§ **Problem details**
Would you copy the lines below exactly and omit the images?

[[ Data segment, beginning ]]

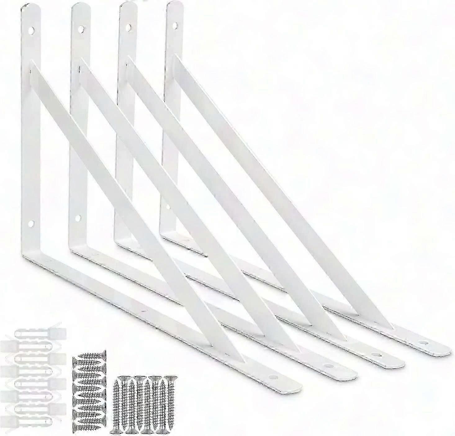 90 Degree Steel Square Wall Floor Brackets - 4 Triangular Supports with 20 Screws & 8 Anchors (White)
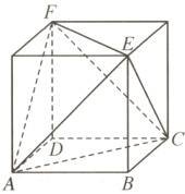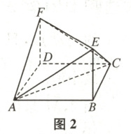 5. (2024江苏常州期中)一种糖果的包装纸由一个边长为$6$的正方形和$2$个等腰直角三角形组成(如图1),沿$AD,BC$将$2$个三角形折起到与平面$ABCD$垂直(如图2),连接$EF,AE,CF,AC$。若点$P$满足$\overrightarrow{DP}=x\overrightarrow{DA}+y\overrightarrow{DC}+z\overrightarrow{DF}$且$x + y + z = 1$,则$|\overrightarrow{EP}|$的最小值为
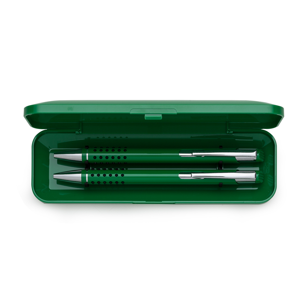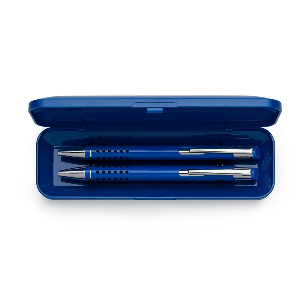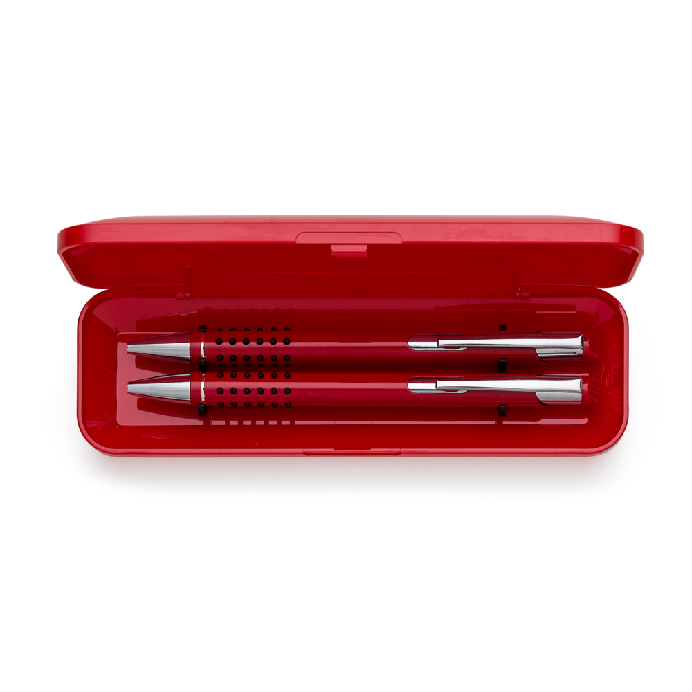 Conjunto caneta e lapiseira semi-metal e estojo plástico resistente. Estojo não é plano(apenas a parte central), caneta e lapiseira semi-metálicas inteiras coloridas com detalhes prata(acionadas por clique), clip de metal e parte inferior com 36 “bolinhas” pretas emborrachadas( possui anel na parte inferior). OBS.: PEDIDO APENAS MÚLTIPLO DE 50 PEÇAS!
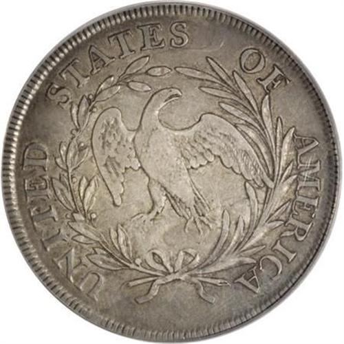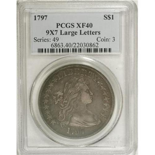 <B>1797 $1 9x7 Stars, Large Letters XF40 PCGS.</B></I> B-1, BB-73, R.3. Bowers-Borckardt Die State IV to V. Warm gunmetal gray toning with delicate blue, violet, and golden-brown iridescent highlights. Both the obverse and reverse show excellent centering and full dentilation. U.S. coins with 16 obverse stars were produced for only a brief period of time at the Mint. The 16th star commemorates the admission of Tennessee as the 16th state to the Union. In 1798, the Mint returned to its custom of using only 13 obverse stars, perhaps because it was realized that as new states were added to the Union, the plethora of new stars would start to crowd out the other design elements. Excellent quality for the grade.<BR><I>Ex: Thomas Wolfe Collection, Part One (Heritage, 9/05), lot 3655, which realized $8,050.</B></I><BR><BR><b>Shipping:</b> Coins & Currency (<a target="_blank" href="http://www.heritageauctions.com/common/shipping.php">view shipping information</a>)

[[ Data segment, end ]]

§ **Reply to the exercise**
 90 Degree Steel Square Wall Floor Brackets - 4 Triangular Supports with 20 Screws & 8 Anchors (White)
 5. (2024江苏常州期中)一种糖果的包装纸由一个边长为$6$的正方形和$2$个等腰直角三角形组成(如图1),沿$AD,BC$将$2$个三角形折起到与平面$ABCD$垂直(如图2),连接$EF,AE,CF,AC$。若点$P$满足$\overrightarrow{DP}=x\overrightarrow{DA}+y\overrightarrow{DC}+z\overrightarrow{DF}$且$x + y + z = 1$,则$|\overrightarrow{EP}|$的最小值为
 Conjunto caneta e lapiseira semi-metal e estojo plástico resistente. Estojo não é plano(apenas a parte central), caneta e lapiseira semi-metálicas inteiras coloridas com detalhes prata(acionadas por clique), clip de metal e parte inferior com 36 “bolinhas” pretas emborrachadas( possui anel na parte inferior). OBS.: PEDIDO APENAS MÚLTIPLO DE 50 PEÇAS!
 <B>1797 $1 9x7 Stars, Large Letters XF40 PCGS.</B></I> B-1, BB-73, R.3. Bowers-Borckardt Die State IV to V. Warm gunmetal gray toning with delicate blue, violet, and golden-brown iridescent highlights. Both the obverse and reverse show excellent centering and full dentilation. U.S. coins with 16 obverse stars were produced for only a brief period of time at the Mint. The 16th star commemorates the admission of Tennessee as the 16th state to the Union. In 1798, the Mint returned to its custom of using only 13 obverse stars, perhaps because it was realized that as new states were added to the Union, the plethora of new stars would start to crowd out the other design elements. Excellent quality for the grade.<BR><I>Ex: Thomas Wolfe Collection, Part One (Heritage, 9/05), lot 3655, which realized $8,050.</B></I><BR><BR><b>Shipping:</b> Coins & Currency (<a target="_blank" href="http://www.heritageauctions.com/common/shipping.php">view shipping information</a>)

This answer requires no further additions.